Zum Waldorfkindergarten Südstadt gehören eine Krippengruppe, eine Kindergartengruppe und seit 1. März 2021 eine Waldkindergartengruppe in Derendingen.

Die Öffnungszeiten der Waldkindergartengruppe (3–6 Jahre) sind:
Mo, Mi, Fr: 08.14–14.14 Uhr, Di und Do: 08.14­–16.44 Uhr (Änderungen sind noch möglich)

Die Öffnungszeiten der Kindergartengruppe (3–6 Jahre) sind:
Mo–Do: 7.30–15.00 Uhr, Fr: 7.30–13.30 Uhr

Die Öffnungszeiten der Krippengruppe (1–3 Jahre) sind:
Mo–Do: 7.30–15.00 Uhr, Fr: 7.30–12.30 Uhr

„Man wird nur dadurch dem Menschen gerecht, dass man in jedem einzelnen einen neuen Menschen sieht.“

Rudolf Steiner

Aktuelles

Auf Grund der aktuellen Situation können wir im Moment keine Infoveranstaltungen anbieten. Wir bitten Sie mit uns telefonisch Kontakt aufzunehmen.

Der Waldorfkindergarten Südstadt in Tübingen hat ab sofort eine freie Stelle zu besetzen undeinen freien Platz für Interessierte an einem freiwillgen sozialen Jahr oder dem Bundesfreiwilligendienst.

Wir suchen:

- für die Waldgruppe in Derendingen eine*n Erzieher*in, sehr gerne eine*n Waldorferzieher*in, mit einem   Stellenumfang von 30-50%.

- für die Kindergartengruppen Untersützung für ein Jahr ab September 2021. (FSJ, BFD)


Unser Kindergarten umfasst seit März 2021 drei Gruppen: eine Krippe für 1-3-Jährige, eine Waldgruppe für 3-6-Jährige und eine integrative Kindergartengruppe für 3-6-Jährige.

Das Grundstück der in diesem Jahr neu gegründeten Waldgruppe "Morgentau" befindet sich am Rande des Derendinger Waldes. Gute Apfelbaumsorten stehen auf dem Grundstück. Vom Platz aus hat man gen Norden eine weite Sicht. Der Wald gen Süden ist hoch und groß, schützend und mächtig, reich an Vielfalt. Ein wunderschöner Bauwagen bietet uns Schutz vor unwirtlichem Wetter und ist Rückzugsort, um zur Ruhe zu kommen.

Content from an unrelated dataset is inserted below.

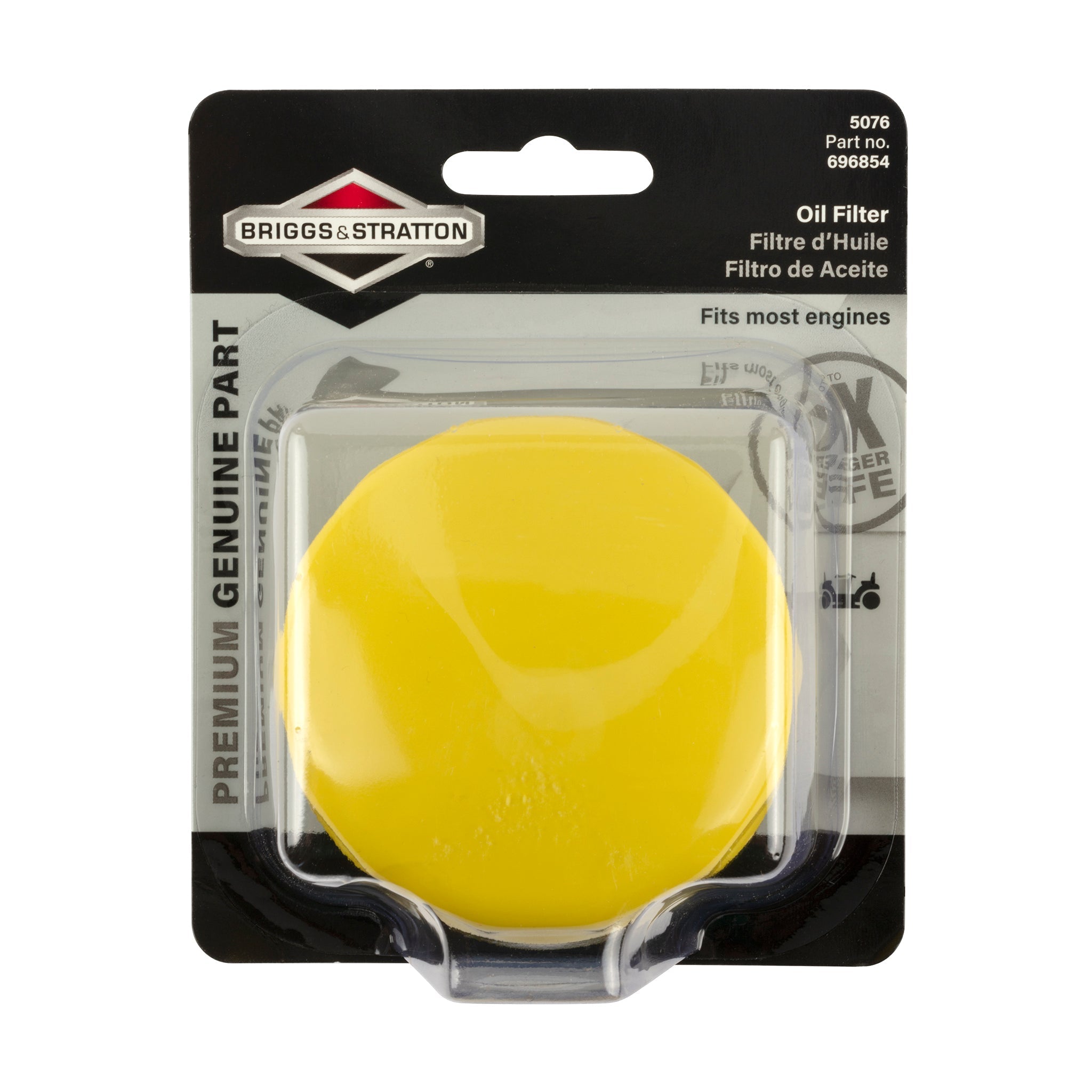 Display pack of 1 (696854) oil filter.This genuine parthelps to remove harmful contaminants from engine oil. Used on select Briggs and Stratton pressure-lubricated engines, this OEM part ensures proper fit and performance to maintain the life of your Briggs and Stratton engine. Many parts look similar, so it’s crucial to ensure you’re choosing the right replacement for your original equipment or engine model. Not sure? Use our Parts Lookup Tool to view part diagrams and find the correct replacement.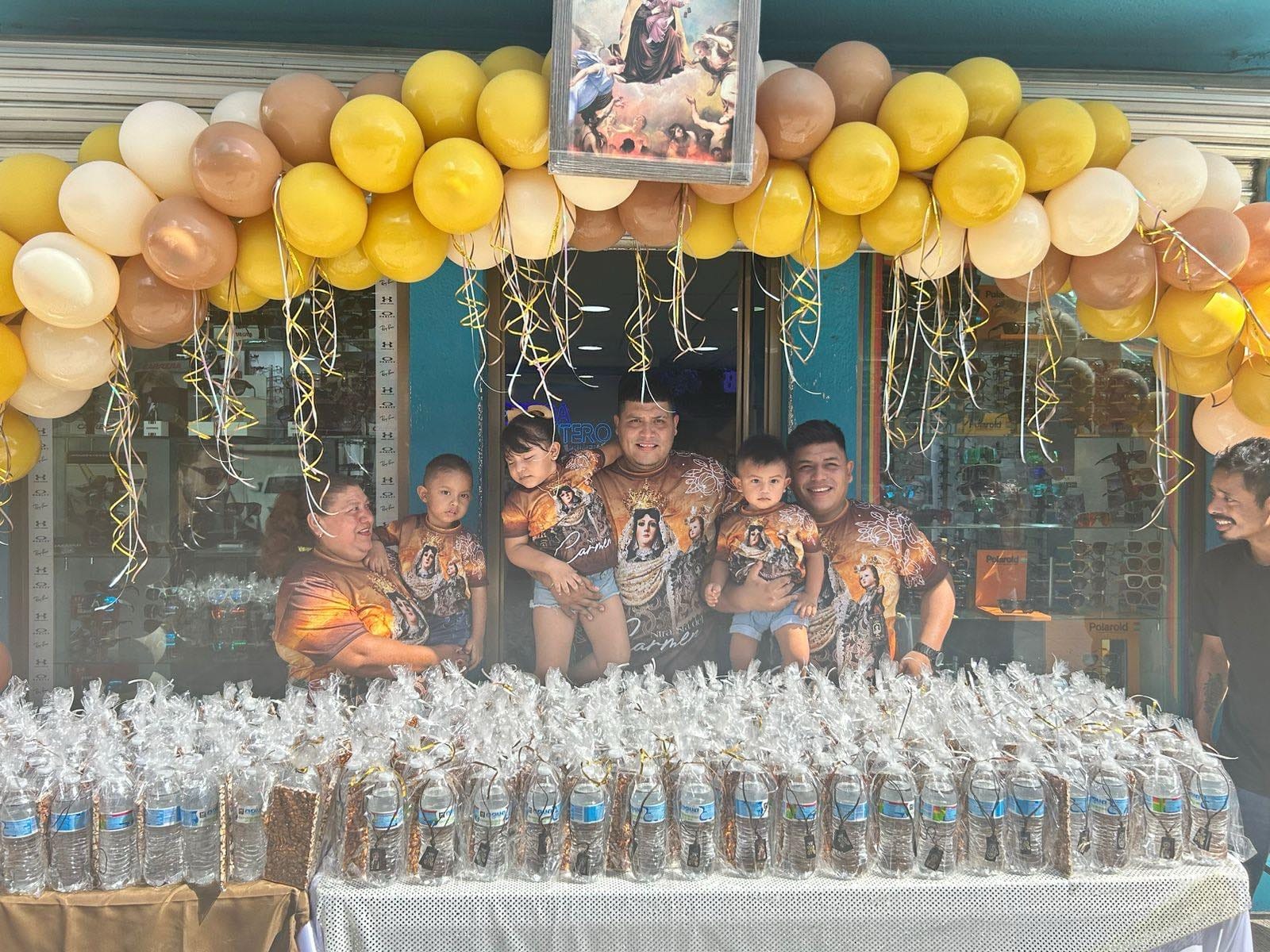 Optica quintero y su propietario Mauricio Quintero realizaron una noble labor al obsequiar botellas de agua con imágenes de la Virgen del Carmen durante el paseo de la Patrona de la Diócesis de Campeche por las calles, además al paso por su óptica la familia Quintero Chan realizó una ofrenda musical a la Virgen del Carmen al son de mariachis.

Wir wünschen uns Erzieher*innen mit Berufserfahrung, Empathie und Freude am Begleiten der Kinder.

Was uns ausmacht:
Wir arbeiten in gegenseitiger Achtung und Wertschätzung.
Wir sind ein engagiertes, flexibles und umsichtiges Team.

Vergütung nach TVöD.

Wir freuen uns über Bewerbungen!

Ansprechpartner*in sind die Vorstände Matthias Neu und Pia Lai, erreichbar unter Info@waldorfkindergarten-tuebingen.de.

Waldorfkindergarten Südstadt
Huberstraße 16
72072 Tübingen

„Der Erzieher soll mit einer ungeheuren Ehrfurcht vor dem Kinde stehen und wissen: da ist ein Göttlich-Geistiges auf die Erde heruntergestiegen.“

Rudolf Steiner

Gruppen

Die Krippengruppe bietet eine Ganztagesbetreuung für 10 Kinder im Alter von 1–3 Jahren. Unser Kollegium besteht im Moment aus drei hauptamtlichen Erzieher*innen und einer Integrationskraft. Tatkräftige Unterstützung erhalten wir von unserer Bundesfreiwilligendienstleistenden aus Kolumbien.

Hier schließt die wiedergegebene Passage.